Problem description:
Output the data verbatim, minus the images.
(Beginning of Recorded information)
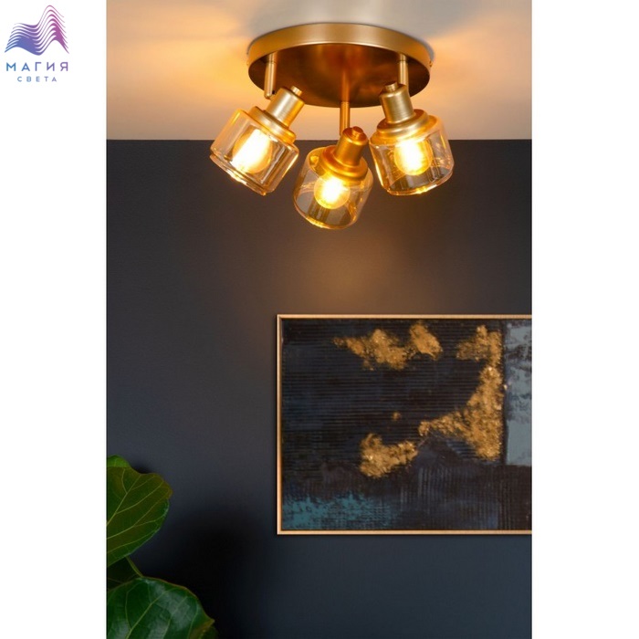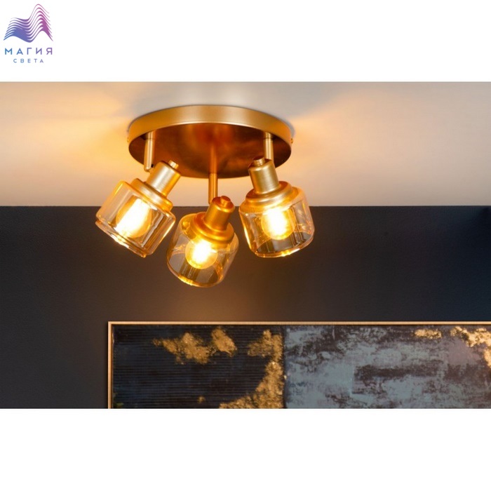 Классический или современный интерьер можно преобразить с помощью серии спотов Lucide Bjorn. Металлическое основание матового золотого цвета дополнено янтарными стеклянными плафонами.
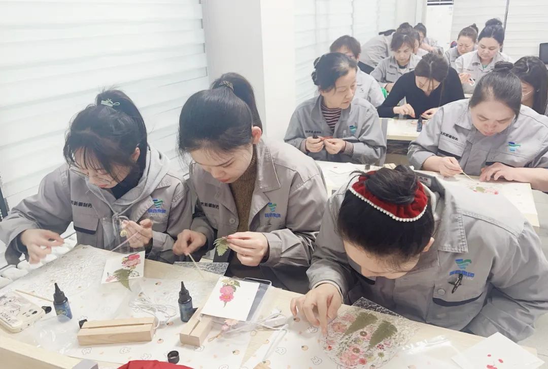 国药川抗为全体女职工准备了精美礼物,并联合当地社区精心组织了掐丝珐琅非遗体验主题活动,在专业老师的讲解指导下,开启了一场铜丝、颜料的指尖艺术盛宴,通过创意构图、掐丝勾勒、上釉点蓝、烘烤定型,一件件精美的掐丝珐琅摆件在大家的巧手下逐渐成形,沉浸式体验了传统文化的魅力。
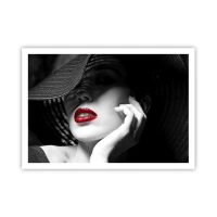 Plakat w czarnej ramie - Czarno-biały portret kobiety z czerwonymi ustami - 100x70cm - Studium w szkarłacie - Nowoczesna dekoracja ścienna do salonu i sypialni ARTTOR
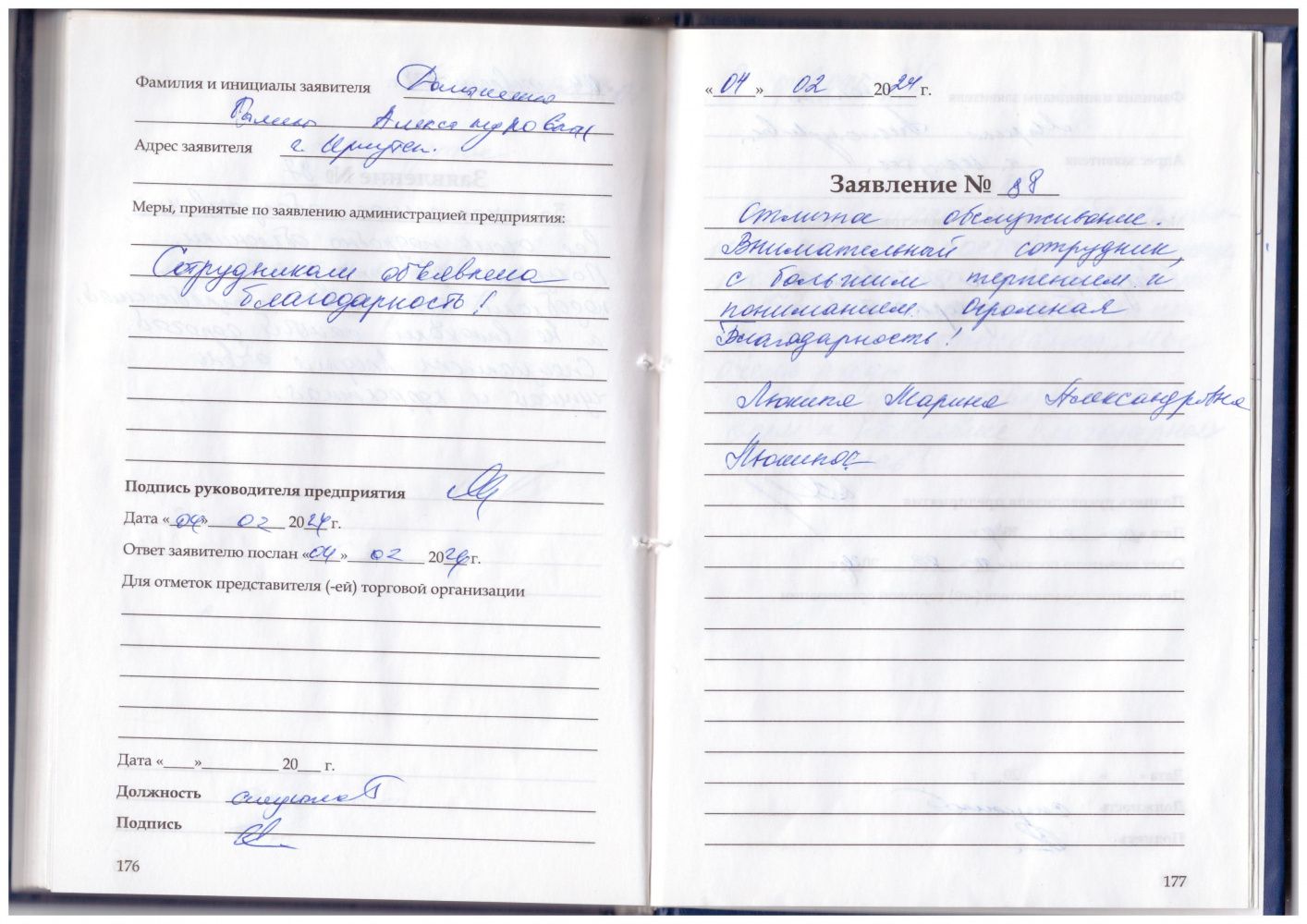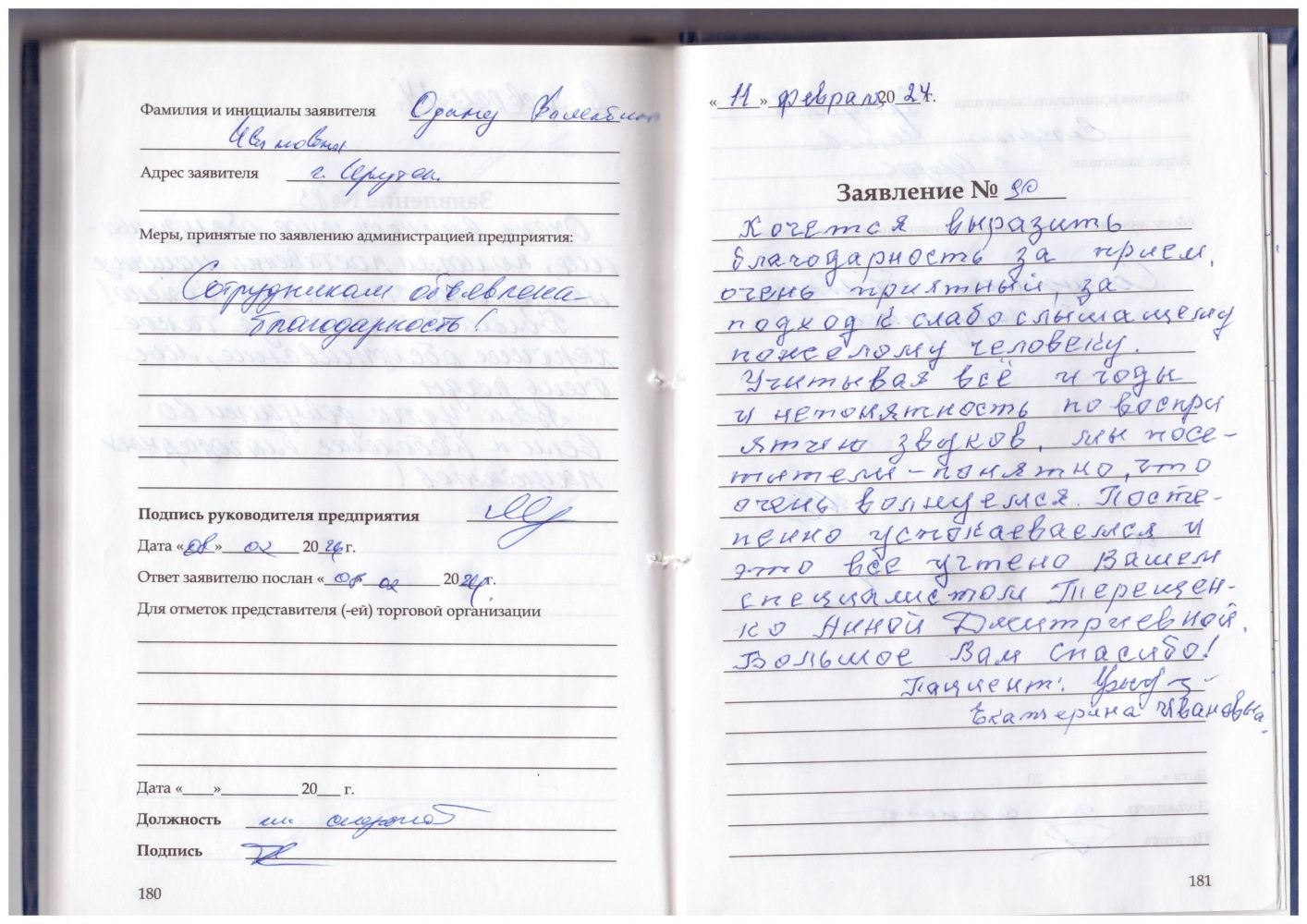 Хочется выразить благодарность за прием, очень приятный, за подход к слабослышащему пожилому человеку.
(End of Recorded information)
Exercise result:
 Классический или современный интерьер можно преобразить с помощью серии спотов Lucide Bjorn. Металлическое основание матового золотого цвета дополнено янтарными стеклянными плафонами.
 国药川抗为全体女职工准备了精美礼物,并联合当地社区精心组织了掐丝珐琅非遗体验主题活动,在专业老师的讲解指导下,开启了一场铜丝、颜料的指尖艺术盛宴,通过创意构图、掐丝勾勒、上釉点蓝、烘烤定型,一件件精美的掐丝珐琅摆件在大家的巧手下逐渐成形,沉浸式体验了传统文化的魅力。
 Plakat w czarnej ramie - Czarno-biały portret kobiety z czerwonymi ustami - 100x70cm - Studium w szkarłacie - Nowoczesna dekoracja ścienna do salonu i sypialni ARTTOR
 Хочется выразить благодарность за прием, очень приятный, за подход к слабослышащему пожилому человеку.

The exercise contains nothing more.